Hey. usually on machine learning we have to consider distances between different probability distributions. This is in fact a hard problem and there is a misconception that the most common way to do this is using the kl divergence. I believe that this is not true.

In fact, the KL divergence is not a metric, because it is not symmetric. It have nice properties that makes it useful but there are other metrics that are more useful in specific scenarios.
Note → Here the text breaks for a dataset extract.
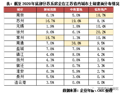 省內(nèi)城市布局完善,但投資力度各有側(cè)重。新城、中南和弘陽在江蘇省內(nèi)的布局最為完善,但從總土儲建筑面積的分布上來看,各城市投資力度也有所差異,截止2020年底土儲分布并非均勻,呈現(xiàn)出了向其中部分城市傾斜的狀態(tài),土儲占比大于15%的城市均只有兩家。中南置地的土儲建面近4成集中在大本營南通,其次是占比19.6%的蘇州,其余城市的占比不足10%,無錫、常州、揚(yáng)州、宿遷和連云港的土儲建面占比則只有1%左右。新城控股的土儲主要集中在大本營常州,占比達(dá)18.7%,蘇州土儲占比不相上下。對弘陽而言,本就有56%的總土儲建面位于江蘇省內(nèi),這部分土儲大部分位于徐州和南京,大本營南京并非占比最高的城市,而是徐州,占比約20%。說明即使省內(nèi)實(shí)現(xiàn)了全覆蓋,但仍有所倚重,重倉之地除了大本營外,還搭配有另一座城市,如蘇州和徐州。考慮到外拓省外市場的風(fēng)險(xiǎn),尤其當(dāng)前整個(gè)長三角市場熱度較高,我們判斷蘇系房企將持續(xù)深耕省內(nèi),擴(kuò)大省內(nèi)其他城市的土儲規(guī)模。

Sadly these metrics are not taught on introductory courses in machine learning but there is a research trend on using these metrics on common architectures where you usually use the KL divergence on the loss, suck as the VAEs and DDPMs.

For example, here is a pseudocode for some common divergences

def kl_divergence(p, q):
    """
    Compute the Kullback-Leibler divergence D_KL(P || Q)
    """
    p = np.asarray(p, dtype=np.float64)
    q = np.asarray(q, dtype=np.float64)
    epsilon = 1e-10
    p = np.clip(p, epsilon, 1)
    q = np.clip(q, epsilon, 1)
    return np.sum(p * np.log(p / q))

def js_divergence(p, q):
    """
    Compute the Jensen-Shannon divergence between distributions P and Q
    """
    m = 0.5 * (p + q)
    return 0.5 * kl_divergence(p, m) + 0.5 * kl_divergence(q, m)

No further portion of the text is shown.